It hurts so much that my heart ache.
Why is it happening this way? I am coming close to what I have dream of but I am being melancholy about it. Where is the enthusiastic iDa?
I don’t fancy goodbyes. I hate farewell.
But what is there left if i stay? I will suffer more, will I?
I will be in the waiting-mode. Wondering what & why. I hate to say, ‘I should have done this’ in the future. But at the same time, I hate to say ‘I hate myself for losing this’.
Only if the said doesn’t appear in my life. But at the same time, I cherished the tad moments invested for the past few months.
Argh. life is unfair.

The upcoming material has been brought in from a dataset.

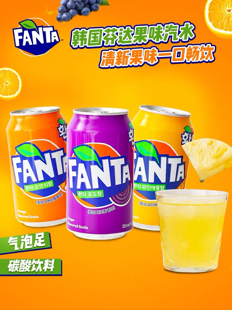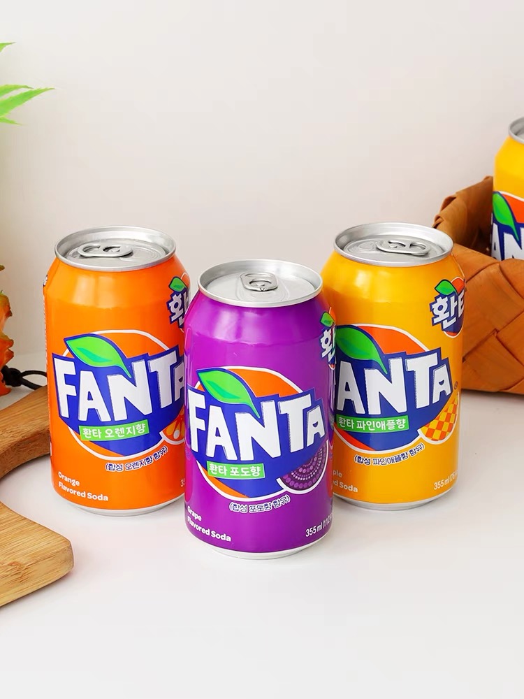 환타포도/파인애플/오렌지 355ml 芬达葡萄/菠萝/橘子碳酸饮料

How am I going to go around about it? I want both. I am greedy. I want both.
I’ve been wishful thinking of both but why does it has to come at the same time?
I hate to choose.
So I am wishing/praying hard that both will come to me. The one I leave behind will find/come to me when I’m pursuing the other. amen.

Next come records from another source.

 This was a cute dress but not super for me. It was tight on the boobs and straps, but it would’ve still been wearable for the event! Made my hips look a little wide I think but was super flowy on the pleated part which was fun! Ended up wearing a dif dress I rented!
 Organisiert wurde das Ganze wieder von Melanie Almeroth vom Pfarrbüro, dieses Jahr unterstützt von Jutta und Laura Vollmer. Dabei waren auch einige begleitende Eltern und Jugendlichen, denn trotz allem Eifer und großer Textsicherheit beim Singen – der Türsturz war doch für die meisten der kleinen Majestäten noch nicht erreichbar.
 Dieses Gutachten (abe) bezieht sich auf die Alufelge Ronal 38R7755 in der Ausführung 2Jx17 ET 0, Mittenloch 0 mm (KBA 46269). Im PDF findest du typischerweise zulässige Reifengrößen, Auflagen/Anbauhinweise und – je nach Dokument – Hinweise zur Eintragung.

On the other note, the official Project/Study hand-over will be at 3 pm today. I am still trying to draft additional information letter for one of my EIA project. heh. So much of being too dedicative aye?

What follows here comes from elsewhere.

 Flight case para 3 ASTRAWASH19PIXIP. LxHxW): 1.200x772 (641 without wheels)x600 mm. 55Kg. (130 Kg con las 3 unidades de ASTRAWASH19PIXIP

Today would be my last day visit to Core Fitness too. Ah I am soooooo going to miss everyone there! *cries*
… and I have yet to pack my stuff to Penang. Blame it on procrastination habit I pick up from here. ha,ha.
p/s : Remember what I said to the great one before moving back to KK? I said, good night. Not good bye.
This time, I neither said good-bye nor good night. hmmm.